- **Exercise requirements**
Your copy should hold the lines below from the first through the one that contains "中国作家协会少数民族文学发展工程2017", each retyped exactly, and no pictures.

- **Information supplied**
Start of Block
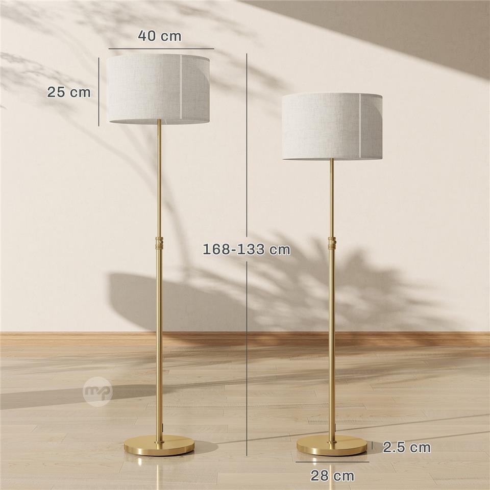 Floor Lamp with Remote Control and Adjustable Brightness 3000K-6000K, Fabric Lampshade, Gold
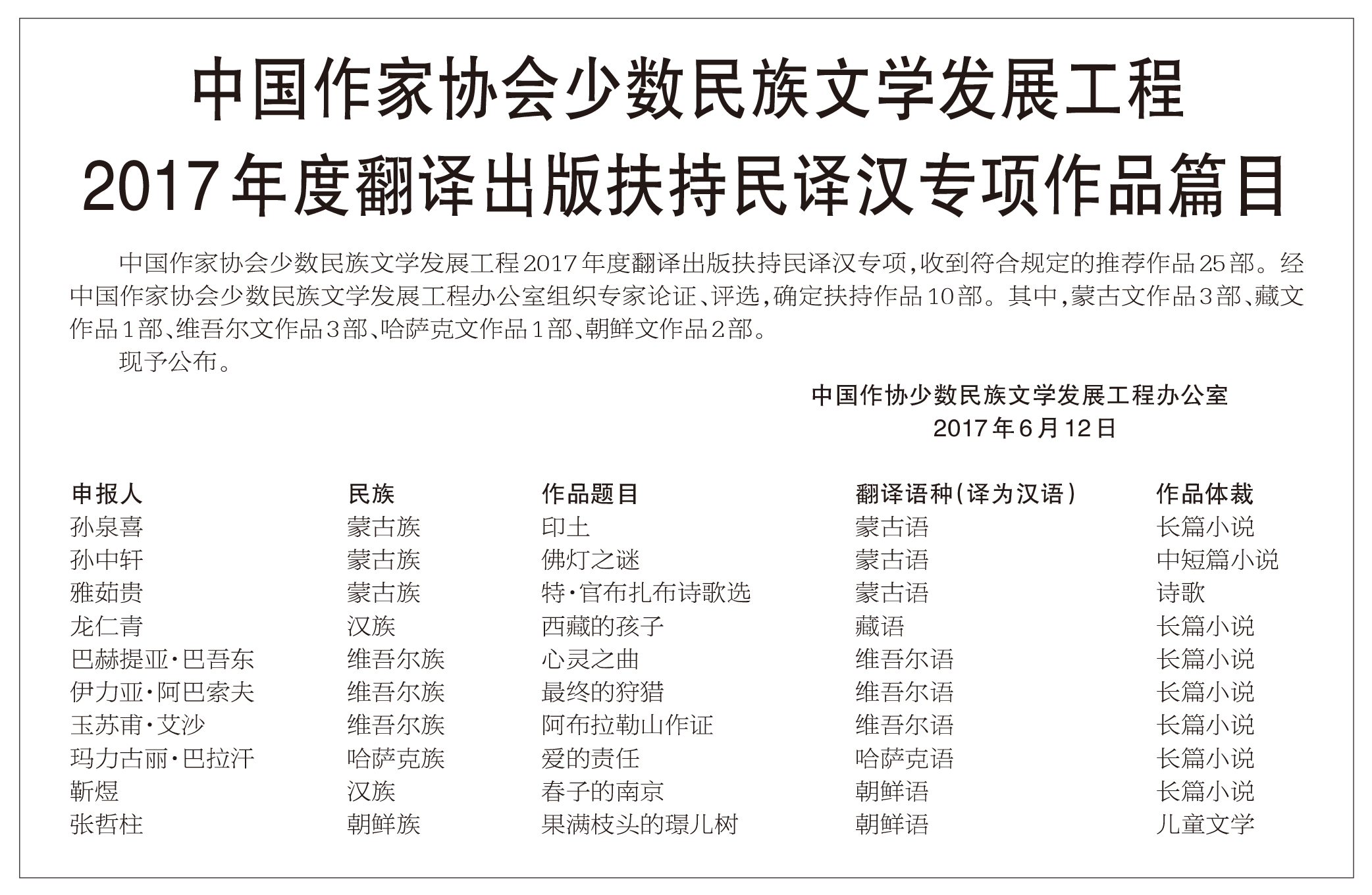 中国作家协会少数民族文学发展工程2017年度翻译出版扶持民译汉专项,收到符合规定的推荐作品25部。经中国作家协会少数民族文学发展工程办公室组织专家论证、评选,确定扶持作品10部。其中,蒙古文作品3部、藏文作品1部、维吾尔文作品3部、哈萨克文作品1部、朝鲜文作品2部。
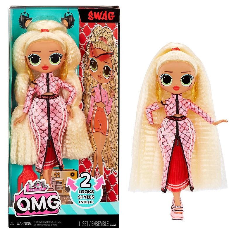 Les poupées-mannequins originales L.O.L. Surprise O.M.G. préférées des fans sont de retour dans de toutes nouvelles tenues glamour et de magnifiques coiffures : dites bonjour à Swag, grande soeur de la superstar, M.C. Swag ! Swag captive toutes les foules avec son style chic et sa personnalité cool qui s'accorde parfaitement avec ses meilleures amies ; elle aime suivre le courant et garder les choses au calme ! Déballez de multiples surprises incluant des articles mode transformables et de fabuleux accessoires allant des lunettes de soleil tendance aux jolies créoles pour mettre en évidence son style urbain ! Habillez Swag avec son haut rose avec fermeture éclair et manches avec motifs assortis et une magnifique jupe longue qui peut être fermée et ouverte par le haut et le bas pour révéler un tissu très fin en dessous ! Découvrez la surprise supplémentaire des articles mode de Swag en retirant sa longue jupe pour révéler un joli short rouge en dessous, transformant instantanément sa tenue en un style complètement différent ! Cette remise en vente de Swag met en valeur ses magnifiques traits, ses jolis cheveux, sa belle tenue et Swag est articulée pour lui faire pendre une foule de poses différentes. Chaque boîte comprend une poupée-mannequin L.O.L. Surprise O.M.G., de superbes tenues, des accessoires détaillés, des chaussures et un peigne à cheveux ! Collectionnez les 4 poupées L.O.L. Surprise O.M.G. remises en vente : Swag, Neonlicious, Lady Diva et Royal Bee ! Conseil de pro : Les mains sont amovibles pour faciliter l'habillage.
End of Block
- **Exercise output**
 Floor Lamp with Remote Control and Adjustable Brightness 3000K-6000K, Fabric Lampshade, Gold
 中国作家协会少数民族文学发展工程2017年度翻译出版扶持民译汉专项,收到符合规定的推荐作品25部。经中国作家协会少数民族文学发展工程办公室组织专家论证、评选,确定扶持作品10部。其中,蒙古文作品3部、藏文作品1部、维吾尔文作品3部、哈萨克文作品1部、朝鲜文作品2部。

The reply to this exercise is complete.